Grace looked away from him, up into the bright white sky. It was like an empty
room. A blank sheet of paper. Huge and empty and uncaring.
Insight, pure and brilliant. The eureka moment. Grace's mouth fell open. She
stifled a laugh.
Computers don't have to be computers, she thought. And data doesn't
have to be transparent.
She waited until Bill and Edison's glassy eyes looked up, unseeing, at the same
sky, then went about the work of reviving them.
She had to use the paddles three times on Edison. His body jerked and spasmed.
His empty eyes looked up from his chill blue face. Each time Grace used the
paddles, she wondered if he was not supposed to wake up.

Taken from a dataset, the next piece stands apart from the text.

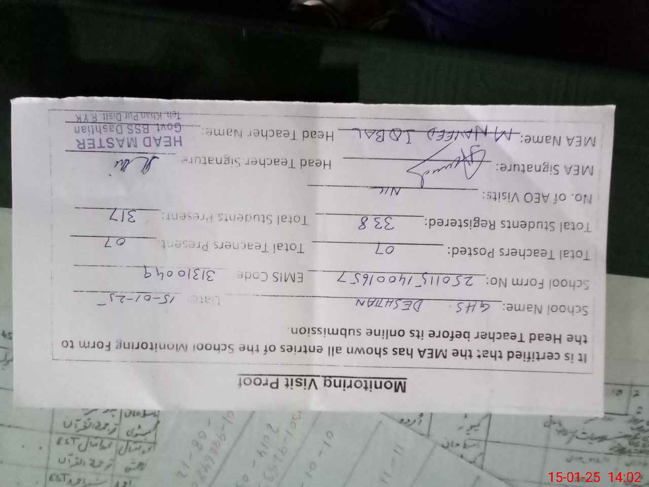 | Attendance Register | Head Teacher | MEA with School | Visit Proof |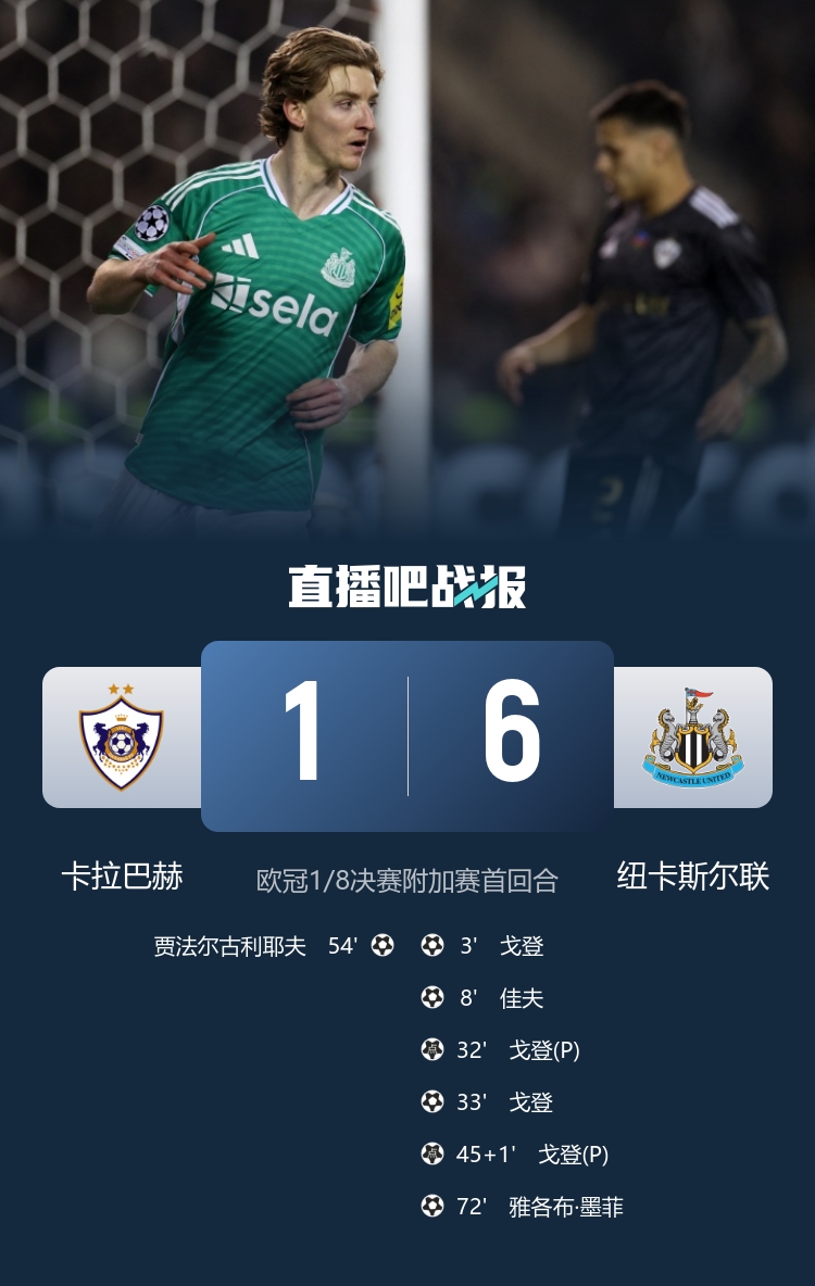 欧冠联赛淘汰赛附加赛首回合,纽卡斯尔联6-1大胜卡拉巴赫,戈登大四喜。

When Edison was breathing, she went to work on Bill.
· · · · ·
"I saw great machines, walking across the land. Silhouetted in the setting sun,"
Edison said. "Leading us into it. Leading us into the bright future."
"I saw myself sitting alone in a room, surrounded by video displays," Bill said.
"Each one of them showed a different child's face."
"I think it means that we will continue to move forward," Edison said.
"I don't know what it means," Bill said.
Grace walked away from them. Their voices quickly faded in the rush of the wind.
"Where are you going, Miss Murray?" Edison said.
Grace kept walking. She heard the sound of shuffling feet behind her, but she
paid them no mind.
Because she'd had her own vision, looking up at the blank sky. Computers
didn't have to be computers. Data didn't have to be transparent. There was
no reason an integrated processor couldn't be put in a phone. Or a television.
And there was no reason they had to send the data as a simple stream of bits,
easily decodable. There could be locks and keys.
She saw herself handing Edison a letter of resignation. She saw herself
recruiting Dr. Moore. She saw them developing things that acted like computers
but skirted all of Edison's patents. Things that whispered untraceable data over
the phone lines and through the satellites. She saw people using them, telling
their stories, revealing the truth of the world. The real Rectification.
What I owe them all, Grace thought.
It wasn't any mystical vision; it was no different than the daydreams of a
million happy children, unaware that the world conspired to crush their dreams.
"Where are you going?" Edison yelled.
Grace smiled. Wherever I want, she thought.